Baptiste Thunder

No. 16
- Position: Tackle

Personal information
- Born: February 23, 1891 Minnesota, U.S.
- Died: December 17, 1935 (aged 44) Red Lake Indian Reservation, Minnesota, U.S.
- Listed height: 5 ft 10 in (1.78 m)
- Listed weight: 215 lb (98 kg)

Career information
- College: None

Career history
- Oorang Indians (1922);
- Stats at Pro Football Reference

= Baptiste Thunder =

American football player (1891–1935)

John Baptiste Thunder (February 23, 1891 - December 17, 1935) was a professional football player who played in the National Football League (NFL) during the 1922 season.

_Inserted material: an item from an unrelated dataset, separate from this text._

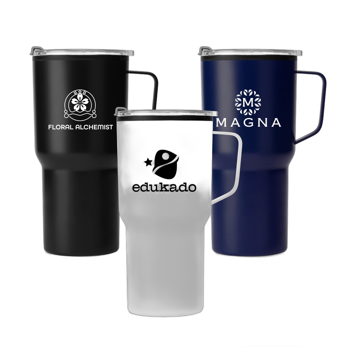 Introducing our Anchorage - 30 oz. Stainless Steel Tumbler with Plastic Liner – the epitome of style and practicality. This trendy tumbler, equipped with a clear lid and ergonomic handle, features a double-wall construction for optimal insulation of hot and cold drinks. With a sleek matte finish, a generous 30 oz. capacity, and a narrow base fitting any car cup holder, it's the perfect companion for daily use. Crafted with care, the outer body is constructed from 201 stainless steel, while the inner body and lid are made from PP and AS material, respectively. Your logo will be imprinted in Silkscreen. Complies with Prop 65. 8.46" H x 3.14" W

That season, he joined the NFL's Oorang Indians. The Indians were a team based in LaRue, Ohio, composed only of Native Americans, and coached by Jim Thorpe. Thunder was a Chippewa.

==Family==
The son of Joseph Thunder and Nancy Greely, Baptiste was married three times. First he married Isabella Neadeau in 1913 with whom who he had four daughters from 1913 until 1919; Edna Victoria, Dorothy Louisa, Susan Alice and Margaret Josephine. In the early 1920s he married an unknown woman with whom he had a son, Ralph Jerome. In 1931, Thunder married his third wife, Rachel MacDonald, with whom he had four more children, John Baptiste, Joseph Marcell, Genevieve and Imogene Mable.